Let's create a second array, with some dates overlapping the dates of `tarr`:

In [None]:
# let's take 10 days in early 1999
T, N = 10, 1

# dates, some will overlap the last dates of `new_arr
dates = [tarr.timestamp[end-4] + Dates.Day(p) for p = collect(1:T)]

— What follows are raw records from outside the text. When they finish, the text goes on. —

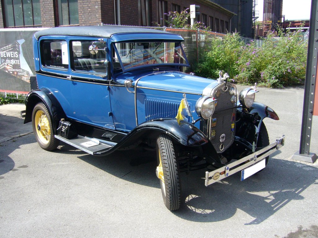 Ford A Tudor de Luxe. 1928 - 1931. Das Modell A war der Nachfolger des legendären T-Modells. Dieses Fahrzeug war in acht Karosserievarianten und vier Farben lieferbar. Der 3.3l 4-Zylinderreihenmotor leistete 40 PS. Dieses ca 4.3 Millionen mal gebaute Volumenmodell wurde auch in der Sowjetunion als GAZ in Lizenz produziert. Oldtimertreffen Kokerei Zollverein am 01.08.2010.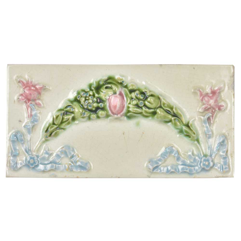 Vintage Ceramic collectible tiles with multi colored floral garland embossed cermic tile with a two pink colored flowers on both ssides is made in white tile . These tiles are used as a home décor item or gifting option. A great Vintage collection.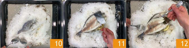 Une fois cuit, cassez la croûte de sel avec 2 cuillères 10, enlevez la peau avec précaution 11 et retirez les filets 12. En utilisant deux fourchettes, il sera facile de soulever les filets au-dessus de l'arête; puis en levant la tête, retirez l'arête et prélevez également les filets en dessous.

# column names are a string
colnames = String["Rf"]

# values are random normally distributed numbers
values = rand(T, N)*100

# construct array
rf = TimeArray(dates, values, colnames)

print(rf)

In [None]:
# subtract risk-free rate from both
println("\nmind that only 'common' dates are left!\n")
print(tarr .- rf)

## Plotting

In [None]:
using Plots
gr()

We'll create a function that will plot a TimeArray and could contain our settings. The only setting so far will be linewidth of 1.5:

In [None]:
"""
Plot a TimeArray on the date axis.
    
Parameters
----------
ta : TimeArray
    
Returns
-------
nothing
"""
function prettyplot(ta::TimeArray)
    plot(ta, lw=1.5)
end

In [None]:
# print
prettyplot(tarr)

# Time series analysis

## Filters
A handy feature is rolling and expanding calculations:

In [None]:
# 5-period moving average
w = 5
prettyplot(moving(tarr, mean, w))

In [None]:
# 10-period moving Sharpe ratio (risk-free rate taken to be 0)
w = 10
prettyplot(moving(tarr, mean, w) ./ moving(tarr, std, w))

In [None]:
# rolling 7-period weird statistic: min / max
# define function calculating the desired quantity
weird_fun = arr -> maximum(arr) / minimum(arr)
prettyplot(moving(tarr, weird_fun, 7))

In [None]:
# expanding minimum
prettyplot(upto(tarr, minimum))

# Converting TimeArrays to DataFrames
using `IterableTables` package (registered):

In [None]:
Pkg.add("IterableTables")

In [None]:
using DataFrames, IterableTables

In [None]:
# convert
df = DataFrame(tarr)
print(df)